The Daya Bay experiment counts the number of electron antineutrinos detected in the halls nearest the Daya Bay and Ling Ao reactors and calculates how many would reach the detectors in the Far Hall if there were no oscillation. The number that apparently vanish on the way (oscillating into other flavors, in fact) gives the value of theta one-three. Because of the near-hall/far-hall arrangement, it’s not even necessary to have a precise estimate of the antineutrino flux from the reactors.

“Even with only the six detectors already operating, we have more target mass than any similar experiment, plus as much or more reactor power,” says William Edwards of Berkeley Lab and UC Berkeley, the U.S. project and operations manager for the Daya Bay Experiment. Since Daya Bay will continue to have an interaction rate higher than any other experiment, Edwards explains, “it is the leading theta one-three experiment in the world.”

The first Daya Bay results show that theta one-three, once feared to be near zero, instead is “comparatively huge,” Kam-Biu Luk remarks, adding that “Nature was good to us.” In coming months and years the initial results will be honed by collecting far more data and reducing statistical and systematic errors.

“The Daya Bay experiment plans to stop the current data-taking this summer to install a second detector in the Ling Ao Near Hall, and a fourth detector in the Far Hall, completing the experimental design,” says Yifang Wang.

Refined results will open the door to further investigations and influence the design of future neutrino experiments – including how to determine which neutrino flavors are the most massive, whether there is a difference between neutrino and antineutrino oscillations, and, eventually, why there is more matter than antimatter in the universe – because these were presumably created in equal amounts in the big bang and should have completely annihilated one another, the real question is why there is any matter in the universe at all.

“It has been very gratifying to be able to work with such an outstanding international collaboration at the world’s most sensitive reactor neutrino experiment,” says Steve Kettell of Brookhaven National Laboratory, the chief scientist for the U.S. effort. “This moment is exciting because we have finally observed all three mixing angles, and now the way is cleared to explore the remaining parameters of neutrino oscillation.”
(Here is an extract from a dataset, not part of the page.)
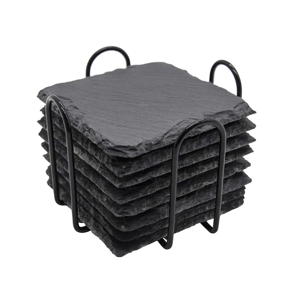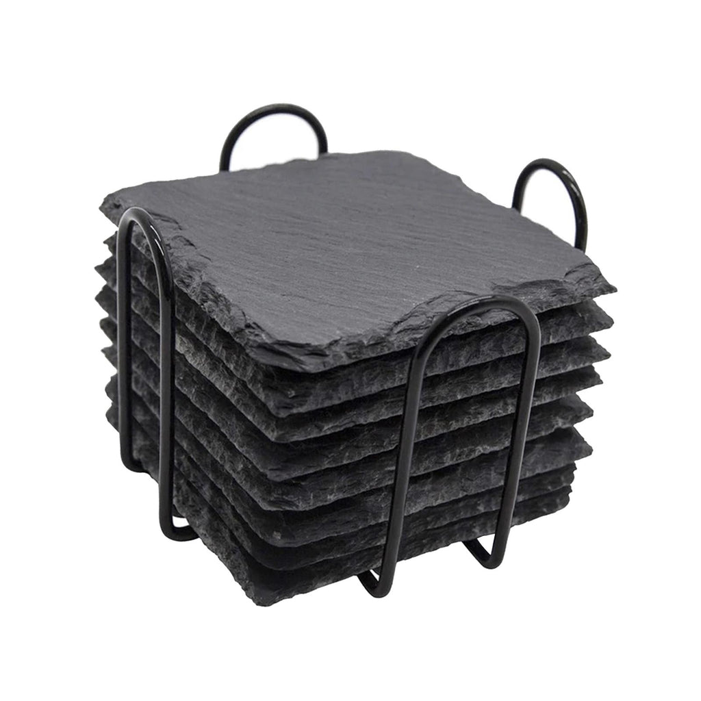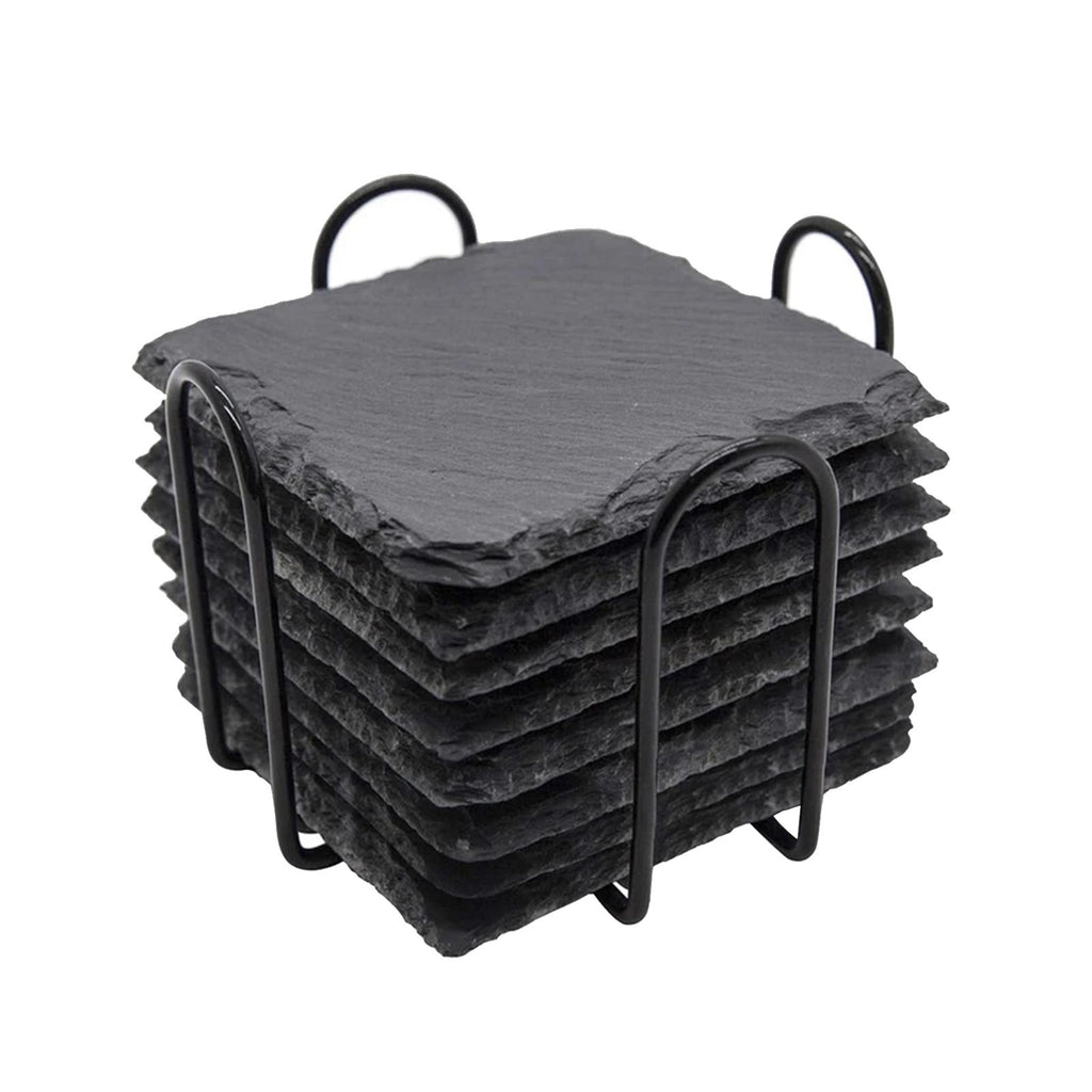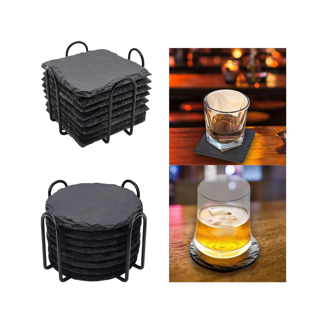 Maxbell 8x Slate Drink Coasters Tabletop Protection with Holder for Bar Kitchen Home Square

“This is really remarkable,” says Wenlong Zhan, vice president of the Chinese Academy of Sciences and president of the Chinese Physical Society. “We hoped for a positive result when we decided to fund the project, but we never imagined it could come so quickly!”
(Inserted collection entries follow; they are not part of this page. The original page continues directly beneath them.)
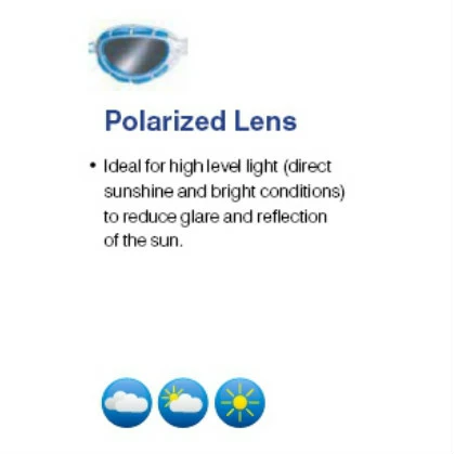 De gepolariseerde Ultra Reactor Photochromatic-lenzen reageren op de zonnestralen, waardoor een donkere en meer beschermende tint ontstaat in heldere omstandigheden, en volledige helderheid in donkere omgevingen.
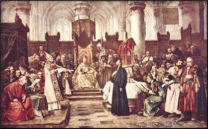 banned from his university. Such actions led to popular demonstrations on his behalf, but, eventually, in 1413, he was forced to leave Prague. When summoned to appear before the Council of Constance (illustrated) the following year, he agreed to attend and to defend his case on being given a promise of safe conduct (both ways!) by the German king, Sigismund. At this council, however, called to find a solution to the Great Schism and to reform the Church, he was arrested, denounced as a heretic, and condemned to death. He was burnt at the stake in July 1415.
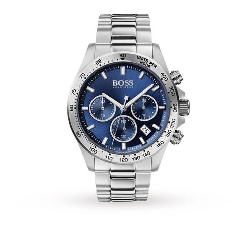 Hugo Boss herrklocka i modellen Peak. Svart stål med kronograf och länkarmband. Klockan har en mörk urtavla med tydliga visare och datumfunktion. Den skarpa 43 mm boetten i rostfritt stål, med silver urtavla och svart länk på 22 mm, ger en professionell look.

“Exemplary teamwork among the partners has led to this outstanding performance,” says James Siegrist, DOE Associate Director of Science for High Energy Physics. “These notable first results are just the beginning for the world’s foremost reactor neutrino experiment.”

The Daya Bay collaboration consists of scientists from the following countries and regions: China, the United States, Russia, the Czech Republic, Hong Kong, and Taiwan. The Chinese effort is led by co-spokesperson, chief scientist, and project manager Yifang Wang of the Institute of High Energy Physics, and the U.S. effort is led by co-spokesperson Kam-Biu Luk and project and operations manager William Edwards, both of Berkeley Lab and UC Berkeley, and by chief scientist Steve Kettell of Brookhaven.